[RECORDS PROVIDED Boundary: Start]

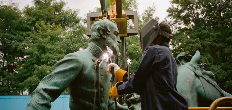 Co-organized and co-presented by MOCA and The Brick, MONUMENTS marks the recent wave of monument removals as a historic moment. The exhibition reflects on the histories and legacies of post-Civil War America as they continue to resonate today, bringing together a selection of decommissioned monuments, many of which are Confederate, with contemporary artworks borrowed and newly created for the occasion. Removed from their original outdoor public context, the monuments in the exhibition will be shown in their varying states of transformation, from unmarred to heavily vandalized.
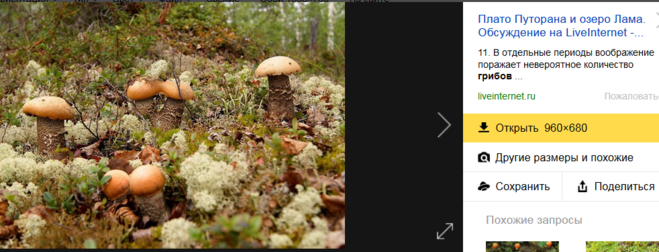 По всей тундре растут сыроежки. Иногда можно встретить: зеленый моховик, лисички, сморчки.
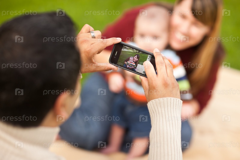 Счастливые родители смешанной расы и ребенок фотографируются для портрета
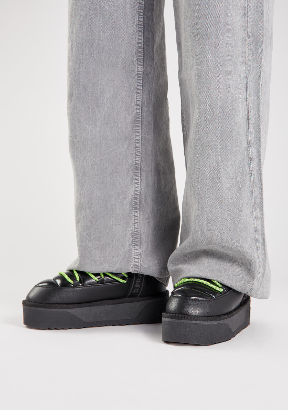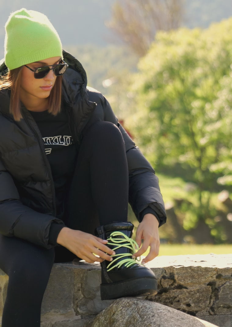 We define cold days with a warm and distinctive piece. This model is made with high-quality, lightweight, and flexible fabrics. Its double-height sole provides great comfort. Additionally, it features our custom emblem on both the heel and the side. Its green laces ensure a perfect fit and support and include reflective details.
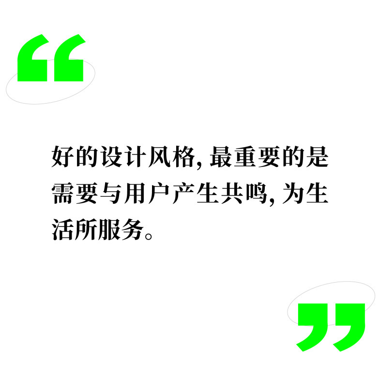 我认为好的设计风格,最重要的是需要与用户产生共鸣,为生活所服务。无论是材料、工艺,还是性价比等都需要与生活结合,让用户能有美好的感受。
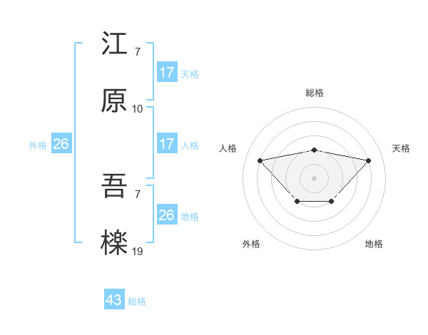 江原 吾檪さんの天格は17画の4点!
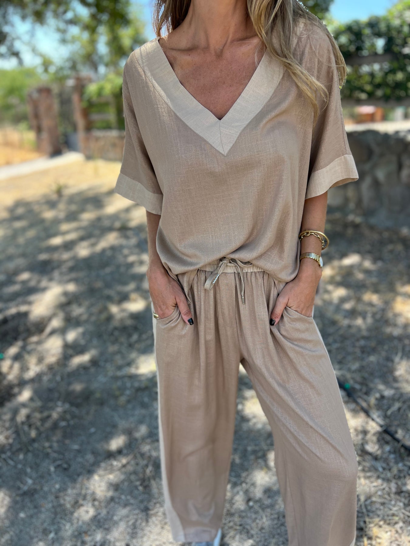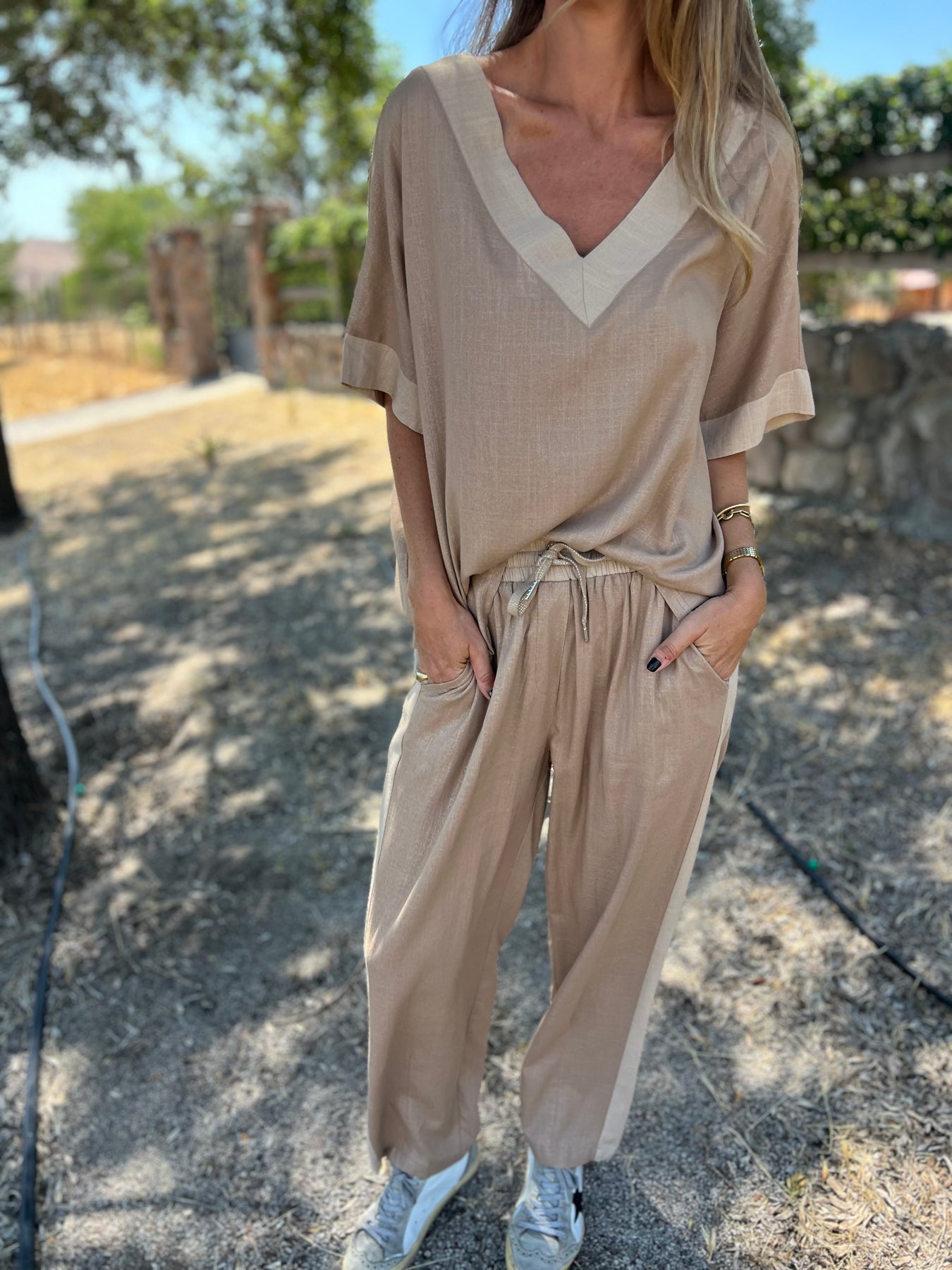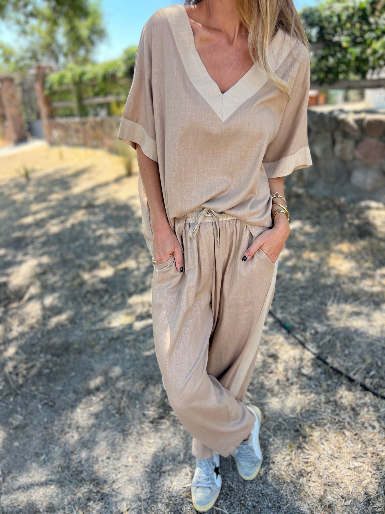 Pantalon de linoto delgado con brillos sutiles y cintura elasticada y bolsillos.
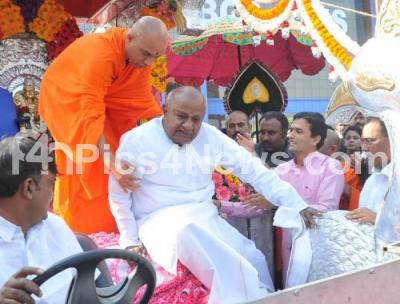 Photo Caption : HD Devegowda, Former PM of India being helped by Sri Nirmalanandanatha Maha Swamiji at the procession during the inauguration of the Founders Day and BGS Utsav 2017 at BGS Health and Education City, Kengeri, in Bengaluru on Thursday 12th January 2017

[RECORDS PROVIDED Boundary: End]

EXERCISE REQUIREMENTS: Copy out the entries exactly. No pictures.

SOLUTION TO THE PROBLEM:
 Co-organized and co-presented by MOCA and The Brick, MONUMENTS marks the recent wave of monument removals as a historic moment. The exhibition reflects on the histories and legacies of post-Civil War America as they continue to resonate today, bringing together a selection of decommissioned monuments, many of which are Confederate, with contemporary artworks borrowed and newly created for the occasion. Removed from their original outdoor public context, the monuments in the exhibition will be shown in their varying states of transformation, from unmarred to heavily vandalized.
 По всей тундре растут сыроежки. Иногда можно встретить: зеленый моховик, лисички, сморчки.
 Счастливые родители смешанной расы и ребенок фотографируются для портрета
 We define cold days with a warm and distinctive piece. This model is made with high-quality, lightweight, and flexible fabrics. Its double-height sole provides great comfort. Additionally, it features our custom emblem on both the heel and the side. Its green laces ensure a perfect fit and support and include reflective details.
 我认为好的设计风格,最重要的是需要与用户产生共鸣,为生活所服务。无论是材料、工艺,还是性价比等都需要与生活结合,让用户能有美好的感受。
 江原 吾檪さんの天格は17画の4点!
 Pantalon de linoto delgado con brillos sutiles y cintura elasticada y bolsillos.
 Photo Caption : HD Devegowda, Former PM of India being helped by Sri Nirmalanandanatha Maha Swamiji at the procession during the inauguration of the Founders Day and BGS Utsav 2017 at BGS Health and Education City, Kengeri, in Bengaluru on Thursday 12th January 2017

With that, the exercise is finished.